TASK BRIEF
Report every line from the following entries that contains the string "jīng".

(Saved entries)
※ ※ ※

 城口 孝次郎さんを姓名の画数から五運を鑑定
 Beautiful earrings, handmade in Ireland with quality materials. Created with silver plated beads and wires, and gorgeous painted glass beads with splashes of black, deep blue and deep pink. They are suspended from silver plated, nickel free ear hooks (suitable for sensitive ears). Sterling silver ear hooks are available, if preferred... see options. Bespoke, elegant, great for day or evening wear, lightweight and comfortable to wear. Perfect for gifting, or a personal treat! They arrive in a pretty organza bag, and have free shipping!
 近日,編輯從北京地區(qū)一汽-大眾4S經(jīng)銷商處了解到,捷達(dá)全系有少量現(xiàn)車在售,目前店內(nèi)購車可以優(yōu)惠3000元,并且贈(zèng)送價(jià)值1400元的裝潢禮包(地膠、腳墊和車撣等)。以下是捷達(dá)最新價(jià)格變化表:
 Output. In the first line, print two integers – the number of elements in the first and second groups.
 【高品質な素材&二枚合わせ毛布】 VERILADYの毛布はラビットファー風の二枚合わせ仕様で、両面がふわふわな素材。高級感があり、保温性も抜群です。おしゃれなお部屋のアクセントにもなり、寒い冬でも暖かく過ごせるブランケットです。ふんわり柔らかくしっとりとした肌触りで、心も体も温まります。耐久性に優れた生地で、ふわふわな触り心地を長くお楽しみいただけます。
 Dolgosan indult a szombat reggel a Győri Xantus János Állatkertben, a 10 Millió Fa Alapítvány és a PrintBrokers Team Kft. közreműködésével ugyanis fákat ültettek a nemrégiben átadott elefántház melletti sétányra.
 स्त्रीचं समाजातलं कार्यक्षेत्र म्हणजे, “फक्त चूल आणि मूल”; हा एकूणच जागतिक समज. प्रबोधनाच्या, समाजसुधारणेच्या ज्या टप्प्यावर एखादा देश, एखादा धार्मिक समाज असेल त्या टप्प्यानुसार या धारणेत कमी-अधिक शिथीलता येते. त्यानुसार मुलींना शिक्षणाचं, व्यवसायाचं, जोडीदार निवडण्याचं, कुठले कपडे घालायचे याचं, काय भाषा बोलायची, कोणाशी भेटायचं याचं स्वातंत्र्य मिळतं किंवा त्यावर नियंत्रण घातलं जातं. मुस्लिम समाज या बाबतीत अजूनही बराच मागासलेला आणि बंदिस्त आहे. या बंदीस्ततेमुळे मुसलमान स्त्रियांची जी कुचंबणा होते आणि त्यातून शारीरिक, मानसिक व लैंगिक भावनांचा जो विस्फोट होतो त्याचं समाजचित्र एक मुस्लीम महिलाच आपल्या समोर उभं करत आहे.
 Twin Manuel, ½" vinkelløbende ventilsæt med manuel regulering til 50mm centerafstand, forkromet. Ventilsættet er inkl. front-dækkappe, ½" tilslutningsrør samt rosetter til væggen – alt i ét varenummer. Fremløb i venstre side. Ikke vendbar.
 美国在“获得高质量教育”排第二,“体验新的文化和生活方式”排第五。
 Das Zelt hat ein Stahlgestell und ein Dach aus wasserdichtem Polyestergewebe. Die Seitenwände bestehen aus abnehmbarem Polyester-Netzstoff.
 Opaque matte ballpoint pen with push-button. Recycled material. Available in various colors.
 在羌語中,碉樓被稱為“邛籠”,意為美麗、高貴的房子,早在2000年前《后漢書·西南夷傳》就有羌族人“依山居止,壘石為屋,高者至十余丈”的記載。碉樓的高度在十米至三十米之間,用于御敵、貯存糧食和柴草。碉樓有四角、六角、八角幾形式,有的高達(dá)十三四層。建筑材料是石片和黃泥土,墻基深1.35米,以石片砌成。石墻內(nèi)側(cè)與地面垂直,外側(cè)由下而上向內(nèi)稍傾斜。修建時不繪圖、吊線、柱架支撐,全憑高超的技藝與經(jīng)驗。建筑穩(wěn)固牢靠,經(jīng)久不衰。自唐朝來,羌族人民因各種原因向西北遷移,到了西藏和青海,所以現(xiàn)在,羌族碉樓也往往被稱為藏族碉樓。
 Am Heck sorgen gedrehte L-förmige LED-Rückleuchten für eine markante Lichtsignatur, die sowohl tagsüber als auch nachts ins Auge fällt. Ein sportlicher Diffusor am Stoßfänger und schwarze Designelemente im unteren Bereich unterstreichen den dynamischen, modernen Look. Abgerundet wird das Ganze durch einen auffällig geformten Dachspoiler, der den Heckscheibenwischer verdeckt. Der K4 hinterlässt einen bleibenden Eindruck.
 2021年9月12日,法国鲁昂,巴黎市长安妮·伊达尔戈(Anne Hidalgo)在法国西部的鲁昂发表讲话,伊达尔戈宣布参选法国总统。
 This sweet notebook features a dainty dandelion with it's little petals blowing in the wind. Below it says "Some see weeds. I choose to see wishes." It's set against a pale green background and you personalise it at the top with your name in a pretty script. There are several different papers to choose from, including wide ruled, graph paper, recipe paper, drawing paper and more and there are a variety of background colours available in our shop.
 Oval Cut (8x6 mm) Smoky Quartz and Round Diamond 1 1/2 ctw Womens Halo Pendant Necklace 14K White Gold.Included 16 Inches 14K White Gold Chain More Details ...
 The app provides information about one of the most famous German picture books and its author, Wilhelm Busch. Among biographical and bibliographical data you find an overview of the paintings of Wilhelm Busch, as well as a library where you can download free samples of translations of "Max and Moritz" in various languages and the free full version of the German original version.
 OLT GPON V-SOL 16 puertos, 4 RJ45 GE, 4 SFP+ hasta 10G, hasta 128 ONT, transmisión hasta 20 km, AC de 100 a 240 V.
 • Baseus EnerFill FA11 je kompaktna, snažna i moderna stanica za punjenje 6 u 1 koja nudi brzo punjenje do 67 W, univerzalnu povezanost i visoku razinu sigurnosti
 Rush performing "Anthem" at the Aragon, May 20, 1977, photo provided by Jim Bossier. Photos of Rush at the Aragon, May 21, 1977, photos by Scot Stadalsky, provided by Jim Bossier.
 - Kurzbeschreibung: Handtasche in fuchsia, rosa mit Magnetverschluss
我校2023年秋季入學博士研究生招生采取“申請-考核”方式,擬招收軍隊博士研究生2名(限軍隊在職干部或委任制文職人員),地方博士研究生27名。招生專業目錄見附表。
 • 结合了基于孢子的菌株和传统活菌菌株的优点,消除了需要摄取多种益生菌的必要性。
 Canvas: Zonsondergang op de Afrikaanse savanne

※ ※ ※

WORKED SOLUTION
 近日,編輯從北京地區(qū)一汽-大眾4S經(jīng)銷商處了解到,捷達(dá)全系有少量現(xiàn)車在售,目前店內(nèi)購車可以優(yōu)惠3000元,并且贈(zèng)送價(jià)值1400元的裝潢禮包(地膠、腳墊和車撣等)。以下是捷達(dá)最新價(jià)格變化表:
 在羌語中,碉樓被稱為“邛籠”,意為美麗、高貴的房子,早在2000年前《后漢書·西南夷傳》就有羌族人“依山居止,壘石為屋,高者至十余丈”的記載。碉樓的高度在十米至三十米之間,用于御敵、貯存糧食和柴草。碉樓有四角、六角、八角幾形式,有的高達(dá)十三四層。建筑材料是石片和黃泥土,墻基深1.35米,以石片砌成。石墻內(nèi)側(cè)與地面垂直,外側(cè)由下而上向內(nèi)稍傾斜。修建時不繪圖、吊線、柱架支撐,全憑高超的技藝與經(jīng)驗。建筑穩(wěn)固牢靠,經(jīng)久不衰。自唐朝來,羌族人民因各種原因向西北遷移,到了西藏和青海,所以現(xiàn)在,羌族碉樓也往往被稱為藏族碉樓。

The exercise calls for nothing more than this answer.